Evidence (ROCm, single GPU)

temp/run_232_clean_recheck_gpt_oss_grpo: FAILED (ModuleNotFoundError: kernels on non-BF16 path).
temp/run_233_patchon_recheck_gpt_oss_grpo: FAILED (Float vs BFloat16 in router path).
temp/run_237_patchon_routerrewriteonly_gpt_oss_grpo: SUCCESS.
temp/run_238_hwagnostic_dtype_gpt_oss_grpo: SUCCESS (RUN_EXIT=0).

Notes on compatibility

Compiler rewrite is HIP-gated, so NVIDIA code paths are unchanged.
Expert dtype cast is generic mismatch handling and runs only when dtypes differ.

Commit

e000231 pushed to rocm-generate-cache-gpt-oss-dtype.
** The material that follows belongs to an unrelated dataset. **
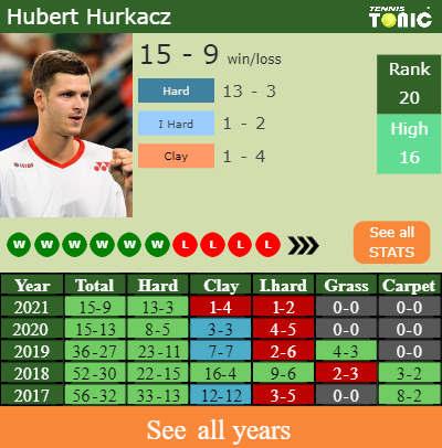 Hurkacz has an aggregate 15-9 win-loss record in 2021, 0-0 on grass (See FULL STATS).

danielhanchen · 2026-02-11T06:23:27Z

Follow-up tweak on the compiler router cast.

Change

In unsloth_zoo/compiler.py, the HIP router input cast was adjusted from unconditional
hidden_states.to(self.weight.dtype) to a mismatch-only cast:
- hidden_states if hidden_states.dtype == self.weight.dtype else hidden_states.to(self.weight.dtype)

Why

Keeps the ROCm safeguard for Float/BF16 router matmul mismatch.
Avoids unnecessary casts when dtype already matches.
Preserves NVIDIA behavior unchanged (still HIP-gated).

Validation

temp/run_244_router_conditionalcast_gpt_oss_grpo: SUCCESS
- losses: [0.0, 0.0]
- grad norms: [0.264846..., 3.079287...]
- reward columns present.

Commit

cdb92b0

danielhanchen · 2026-02-11T08:12:22Z

Added a targeted GRPO VLM fix for Gemma3 Vision on ROCm.

Root cause

chunked_hidden_states_selective_log_softmax assumed inputs were always hidden states and always projected with @ lm_head.t().
In VLM GRPO paths, TRL/Unsloth can pass precomputed logits ([..., vocab]) instead.
That caused shape mismatch failures like RuntimeError: mat1 and mat2 shapes cannot be multiplied (32x262208 and 2560x262208).

Change

In unsloth_zoo/rl_replacements.py, detect whether the incoming tensor is logits-shaped (last_dim == vocab_dim) vs hidden-state-shaped (last_dim == hidden_dim).
Use logits directly for the former and only project for the latter.
Keep fallback behavior unchanged for genuinely incompatible dimensions.

Validation

Reproduced failure in temp/run_266_Gemma3_4B_Vision_GRPO_nocompile_no_flex/output.log.
Re-ran with this patch in temp/run_267_Gemma3_4B_Vision_GRPO_nocompile_no_flex_logitsfix.
Run completed end-to-end (30/30 GRPO steps), with metrics/rewards/completions logged and no shape-mismatch traceback.

…lity

danielhanchen · 2026-02-11T12:14:48Z

Added follow-up ROCm notebook fixes for audio/CSM paths.

Commit: 6dfd726
File:
- unsloth_zoo/temporary_patches/misc.py

What changed:

Added torchcodec fallback handling when shared library load fails, allowing safe decode fallback paths.
Added datasets audio decode fallback via soundfile for environments where torchcodec decode is unavailable.
Added Deepseek OCR masked scatter guard patch to tolerate runtime shape mismatches encountered during notebook runs.
Hardened CSM forward/attention patches for ROCm eager path stability (including attention shape/rope alignment handling).
Added Whisper/ffmpeg fallback helpers for audio preprocessing edge cases seen during the sweep.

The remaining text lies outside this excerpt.